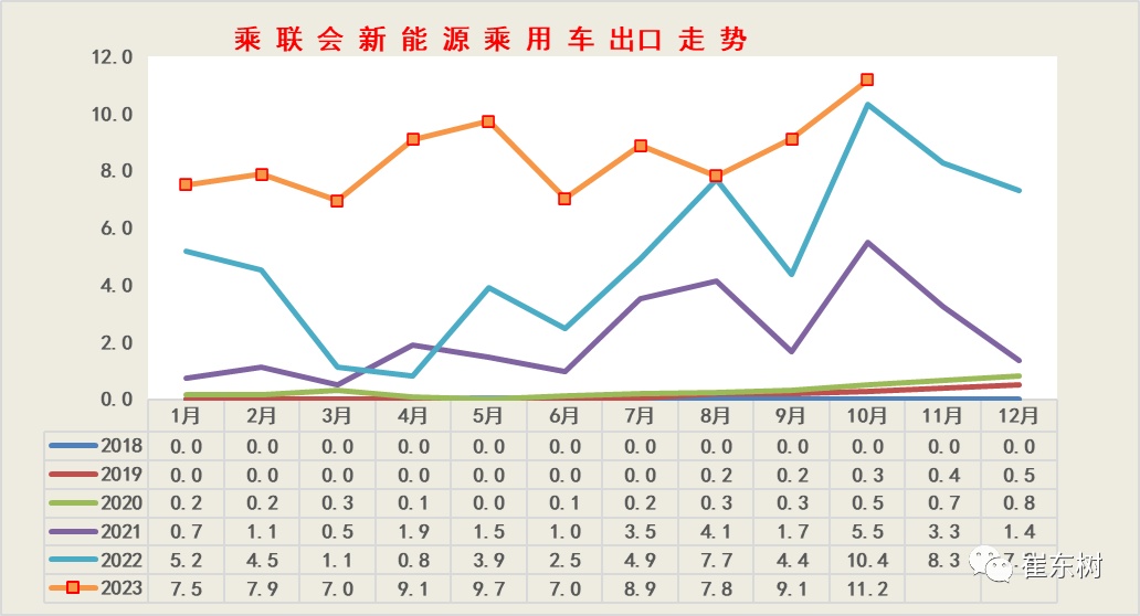 10月新能源乘用车出口11.2万辆,同比增长8%,环比9月增长23%,占乘用车出口28.6%,这在特斯拉季度末出口偏低的情况下是很不错的。中国制造新能源产品品牌越来越多地走出国门,由于海外认可度持续提升以及服务网络的完善,主要面向发达国家市场,因此市场前景向好。
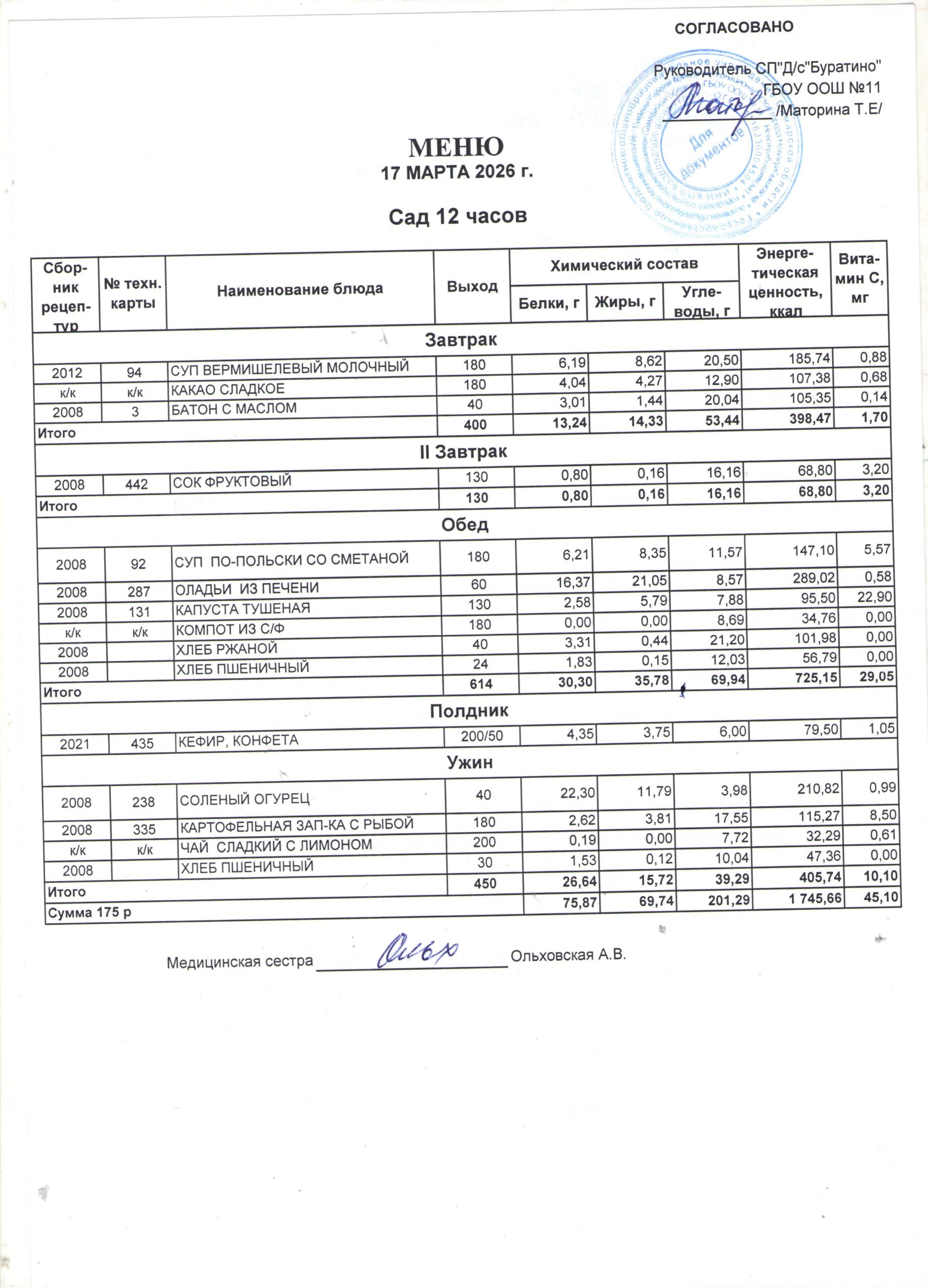 • Утвержденное ежедневное меню
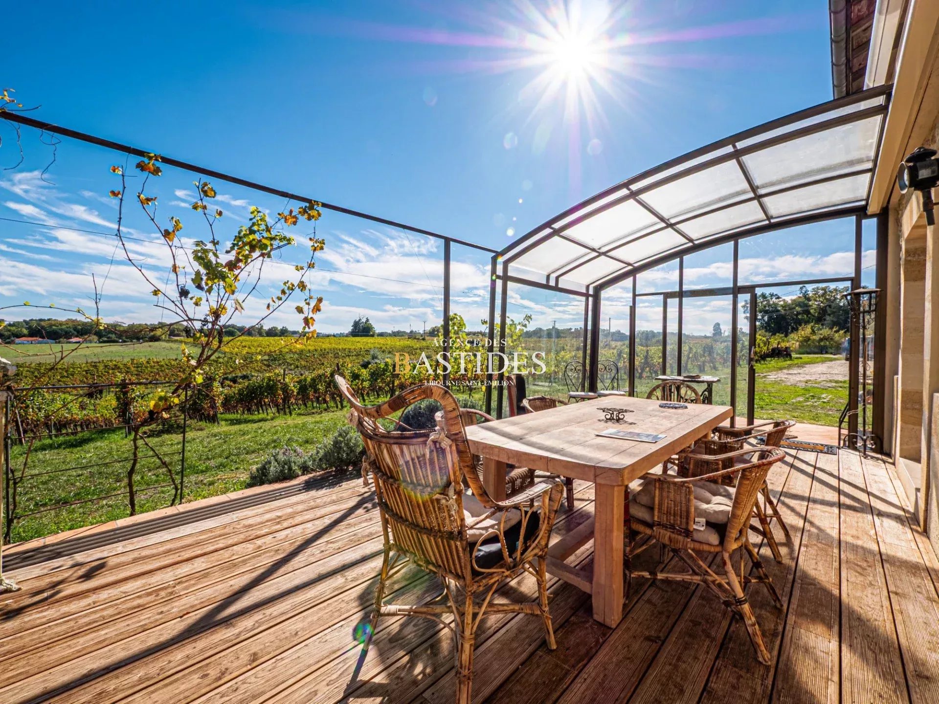 A 20 minutes de Bordeaux, sur les hauteurs d'une commune très recherchée de l'axe Bordeaux-Libourne et dans un environnement des plus preservé, Cette authentique propriété NORD/SUD en pierre bénéficie d'une vue dégagée à 360° ! Avec ses 6 hectares de vignes entourant la propriété, voilà un joyau du XVème siècle très rare sur le marché. Discrète comme ce lieu de surveillance qu'elle représentait autrefois, la maison est aujourd'hui fonctionnelle et bien distribuée. Une large terrasse couverte plein sud surveille le vignoble. Le séjour, intimiste avec cheminée et poutres d'origine et une bibliothèque. Côté nuit, pas moins de 5 chambres, toutes avec salles d'eau/WC. L'étage propose un grand espace avec suite parentale et plusieures pièces ainsi qu'un accès exterieur à aménager pour mieux profiter encore de la vue! Le chai indépendant d'environ 300m² est un outil clé en main, fonctionnel, avec ses cuves en inox prêtes à vinifier mais l'espace est assez grand et authentique pour imaginer tout type de projet. Pour amoureux de la pierre, de la nature et du vin, ce domaine d'agrément pourrait facilement allier chambres d'hôtes, expérience oenotouristique, et propriété familiale.
------------------------------------------------------------
*EXERCISE DETAILS*
The material should be returned verbatim, with all images omitted.

*WRITTEN RESPONSE*
 10月新能源乘用车出口11.2万辆,同比增长8%,环比9月增长23%,占乘用车出口28.6%,这在特斯拉季度末出口偏低的情况下是很不错的。中国制造新能源产品品牌越来越多地走出国门,由于海外认可度持续提升以及服务网络的完善,主要面向发达国家市场,因此市场前景向好。
 • Утвержденное ежедневное меню
 A 20 minutes de Bordeaux, sur les hauteurs d'une commune très recherchée de l'axe Bordeaux-Libourne et dans un environnement des plus preservé, Cette authentique propriété NORD/SUD en pierre bénéficie d'une vue dégagée à 360° ! Avec ses 6 hectares de vignes entourant la propriété, voilà un joyau du XVème siècle très rare sur le marché. Discrète comme ce lieu de surveillance qu'elle représentait autrefois, la maison est aujourd'hui fonctionnelle et bien distribuée. Une large terrasse couverte plein sud surveille le vignoble. Le séjour, intimiste avec cheminée et poutres d'origine et une bibliothèque. Côté nuit, pas moins de 5 chambres, toutes avec salles d'eau/WC. L'étage propose un grand espace avec suite parentale et plusieures pièces ainsi qu'un accès exterieur à aménager pour mieux profiter encore de la vue! Le chai indépendant d'environ 300m² est un outil clé en main, fonctionnel, avec ses cuves en inox prêtes à vinifier mais l'espace est assez grand et authentique pour imaginer tout type de projet. Pour amoureux de la pierre, de la nature et du vin, ce domaine d'agrément pourrait facilement allier chambres d'hôtes, expérience oenotouristique, et propriété familiale.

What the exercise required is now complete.